Dataset excerpt.
┏━━
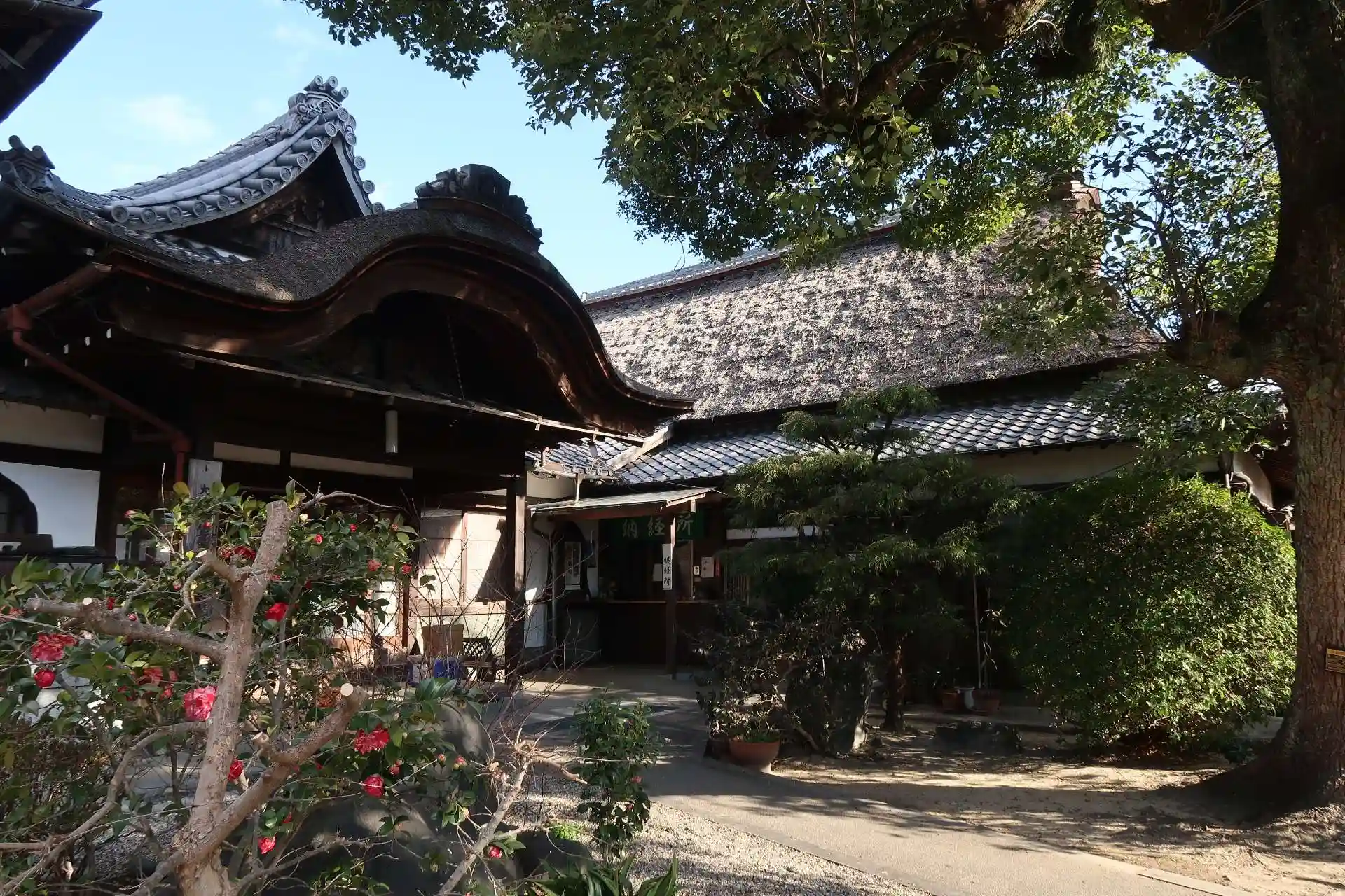 山門前に駐車場がありましたので停めさせて頂きました。境内の左側(西側)にもう1つの駐車場があります。山門は立派です。市指定文化財で江戸時代後期の1840年建立、楼上に文殊菩薩が安置されている事から文殊楼門と呼ぶそうです。門の左右には阿形と吽形ですが、凄味の無い可愛らしい金剛力士。山門をくぐると正面に本堂と思いきや、実は客殿で、本堂はその左側。その手前には手水と?堂。右側には鐘楼、庫裏・納経所です。
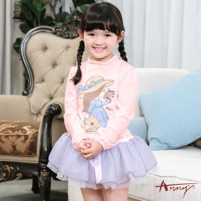 Annys安妮公主-童裝 立體紋路拼接蝴蝶結紗裙秋冬款長袖洋裝 *2625粉紅
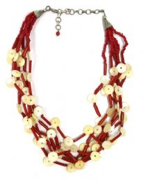 Κολιέ - ζώνη από κορδόνι με κοκάλινα και ξύλινα στοιχεία
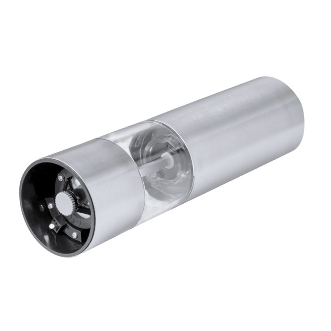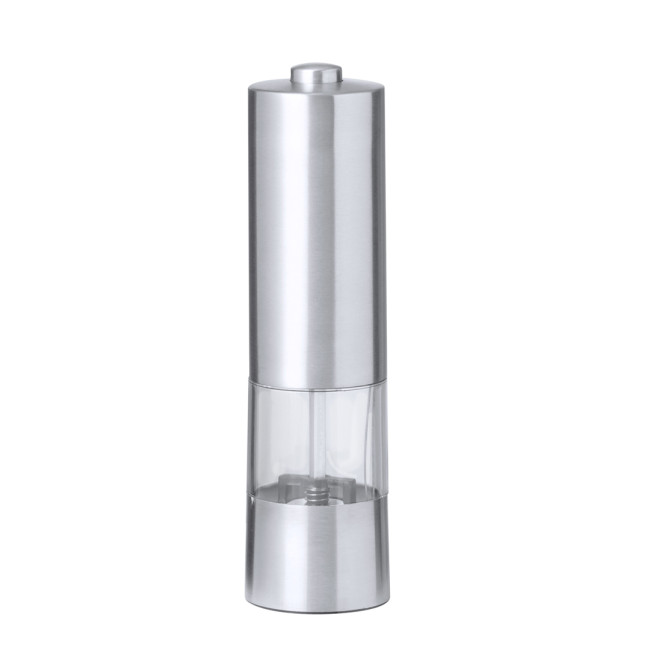 Macina sale e pepe elettrico in acciaio inox. Ideale per aggiungere la spezia più desiderata in scomparto da 70 ml, insaporire premendo il pulsante superiore e regolare la dimensione dei grani. Dotato di finestra per visualizzare la quantità di spezie rimanenti e di luce LED. Alimentato da 4 batterie AAA (non incluse) e presentato in una scatola di design kraft.
┗━━
A word-for-word retyping of the material above is expected, without pictures.

Exercise solution.
 山門前に駐車場がありましたので停めさせて頂きました。境内の左側(西側)にもう1つの駐車場があります。山門は立派です。市指定文化財で江戸時代後期の1840年建立、楼上に文殊菩薩が安置されている事から文殊楼門と呼ぶそうです。門の左右には阿形と吽形ですが、凄味の無い可愛らしい金剛力士。山門をくぐると正面に本堂と思いきや、実は客殿で、本堂はその左側。その手前には手水と?堂。右側には鐘楼、庫裏・納経所です。
 Annys安妮公主-童裝 立體紋路拼接蝴蝶結紗裙秋冬款長袖洋裝 *2625粉紅
 Κολιέ - ζώνη από κορδόνι με κοκάλινα και ξύλινα στοιχεία
 Macina sale e pepe elettrico in acciaio inox. Ideale per aggiungere la spezia più desiderata in scomparto da 70 ml, insaporire premendo il pulsante superiore e regolare la dimensione dei grani. Dotato di finestra per visualizzare la quantità di spezie rimanenti e di luce LED. Alimentato da 4 batterie AAA (non incluse) e presentato in una scatola di design kraft.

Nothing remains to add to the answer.